Hopefully you can see from the examples above that using a causal graph instead of a flat regression will seriously improve your solution. The ability to calculate counterfactuals and make interventions also makes it very attractive!
It's worth noting that it's still worth incorporating ad stock and saturation transformations into your framework.
When working with observational data, we should also strive to conduct experiments to help validate assumptions and complement our causal estimates. There are three main tests available for use in acquisition marketing. Let's dive into them!
Conversion lift tests
Social platforms like facebook and Snapchat allow you to test conversion increases. This is an AB test where we measure the increase in conversion using a treatment group versus a control group. These can be very useful when evaluating the counterfactual of your causal graph for social spending.
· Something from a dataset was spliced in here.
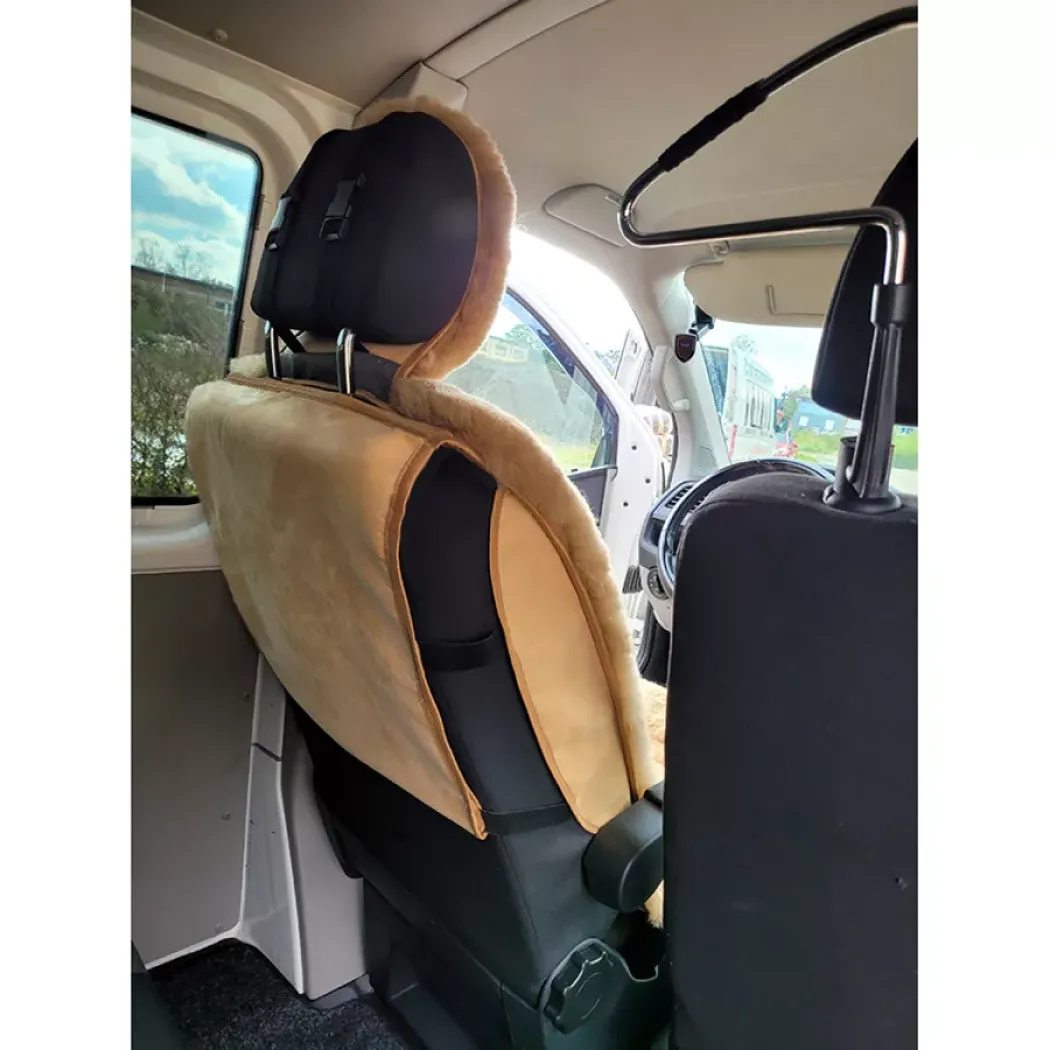 Sedák do auta z ovčej kožušiny je vyrobený z kvalitnej ovčej kože, ktorá má výborné termoregulačné vlastnosti. V zime prehrieva a v lete chladí. Sedák z ovčej kože je možné upevniť a prispôsobiť na všetky druhy jednosedadlových sedačiek v automobile. V dolnej časti a zozadu má nastaviteľné gumové popruhy a pracky na uchytenie za opierku a okolo sedadla, takže jeho uchytenie je veľmi jednoduché a prispôsobiteľné akejkoľvek autosedačke. Koža s ovčou vlnou je predĺžená až na opierku hláv viď. obrázok.

Geographic elevation tests
Geographic elevation tests can be used to estimate the effect of marketing cuts or when starting a new channel. This can be especially useful for digital and TV brands where there is no direct call to action to measure. I cover this in much more detail in the last article:
Try again
PPC campaigns can be scheduled to go on and off every hour. This creates a great opportunity for backtesting. Schedule PPC campaigns to activate and deactivate every hour for a few weeks, and then calculate the difference between the number of PPC + SEO clicks in the activation and deactivation period. This will help you understand how much PPC SEO can capture and therefore evaluate the counterfactual of your causal graphs for PPC spend.
I think running experiments is a great way to modify and then gain confidence in your causal graph. But the results could also be used to calibrate your model. Take a look at how the PyMC team has approached this:
Today I discussed how MMM can be improved with Causal ai. However, causal ai cannot solve all procurement marketing challenges. And unfortunately there are many of them!
- Spending following demand forecast — One of the reasons marketing spending is highly correlated with sales volume may be because the marketing team spends in line with a demand forecast. One solution here is to randomly change spending between -10% and +10% each week to add some variation. As you can imagine, the marketing team is usually not very interested in this approach.
- Demand Estimation — Demand is an essential variable in our model. However, it can be very difficult to collect data. A reasonable option is to pull Google Trends data on a search term that aligns with the product you sell.
- Long-term brand effects — The long-term effects of branding are difficult to capture, since there is usually not much information about it. Long-term geographic elevation testing can help here.
- Multicollinearity — This is actually one of the biggest problems. All the variables we have are highly correlated. Using ridge regression can alleviate this somewhat, but it can still be a problem. A causal graph can also help a little, as it is essential that you break down the problem into smaller models.
- Marketing team buy-in — In my experience, this will be your biggest challenge. Causal charts offer a nice visual way to engage the marketing team. It also creates an opportunity for you to build a relationship as you work with them to agree on the complexities of the chart.
I'll close things there. It would be great to hear what you think in the comments!